Wharton’s Jelly-Derived Mesenchymal Stem Cells Reduce Fibrosis in a Mouse Model of Duchenne Muscular Dystrophy by Upregulating microRNA 499

Round 1

Reviewer 1 Report

Authors made corrections and inserted some modifications according my critical points. They put a lot of effort in to improve the manuscript.

The figures are improved and contain statistical evaluations. Inclusion of Figure 7. helps to understand the mechanism by which WJ-MSCs and derived MMP-1 might reduce fibrosis by targeting TGFβRs and enhancing miR-499 expression.

These modifications and additional data improved the manuscript extensively.

Reviewer 2 Report

Authors performed additional experiments and revised their manuscripts according to the reviewers's comments. This reviewer has no critical comments on the revised manuscript.

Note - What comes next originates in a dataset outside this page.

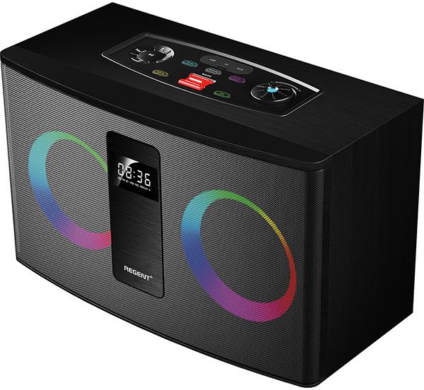 Regent Power Audio 300BT RGB FM ir jaudīgs skaļrunis, kuram varat pievienot tālruni vai citu audio avotu (izmantojot Bluetooth vai AUX ieeju) un aizpildīt vietu ar mūziku. Kompaktais, ar koku aizsargātais dizains ļauj palielināt skaļumu, neuztraucoties par lētiem skaļruņiem raksturīgiem lēcieniem vai vibrācijām. Stabilais un smagais korpuss lieliski tiek galā ar jaudīgiem basiem, kurus varat ieslēgt ar vienu pogu, aktivizējot Ultra Bass System funkciju. Neuztraucieties, skaļrunis nesāks “staigāt” pa virsu – tas lieliski tiks galā ar visu, ko tam liksiet darīt, vienlaikus piepildot telpu ar augstas kvalitātes skaņu.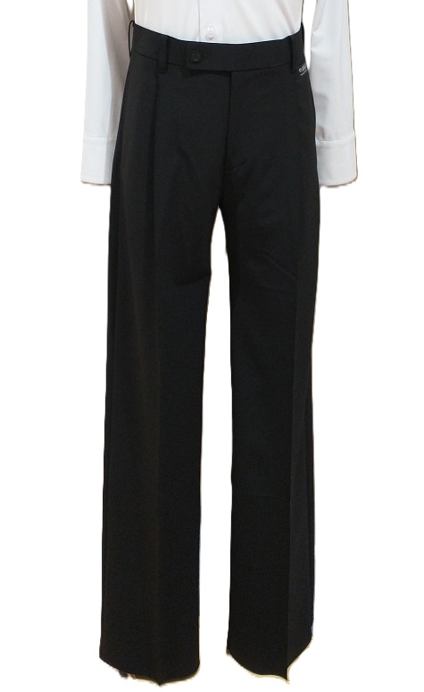 DANCE WAVE 加地卓先生プロデュース! 金具の見えないアジャスターを搭載し、ウエストが伸び縮みするのが特徴のダンスパンツ。もちろんベルトループも付いていますのでベルトの着用も可能です。今流行りのッタクが深めなデザインでスタンダードダンサーの動きにも対応。競技、パーティー、練習と、着用シーンを選びません。

This manuscript is a resubmission of an earlier submission. The following is a list of the peer review reports and author responses from that submission.

Round 1

Reviewer 1 Report

Authors previously reported that intravenously injected Wharton's jelly-derived mesenchymal stem cells (WJ-MSCs) reduced muscle fibrosis in dystrophin-deficient mdx mice, a widely used DMD model mice, by secretion of MMP-1 (Choi et al., International Journal of Molecular Sciences 2020, 21,6269: ref. 22). In the present study, authors report that miR-499-5p is down-regulated in mdx muscle. IV injection of WJ-MSCs restored miR-499-5p expression in mdx mice. TargetScan software has suggested that miRNA-499-5p targets TGFβR1 and TGFβ3. Therefore, authors propose that WJ-MSCs reduced fibrosis in mdx muscle via miR-499-5p-mediated blockage of TGF-β signaling. Findings are potentially interesting, but this study is preliminary to prove their hypothesis.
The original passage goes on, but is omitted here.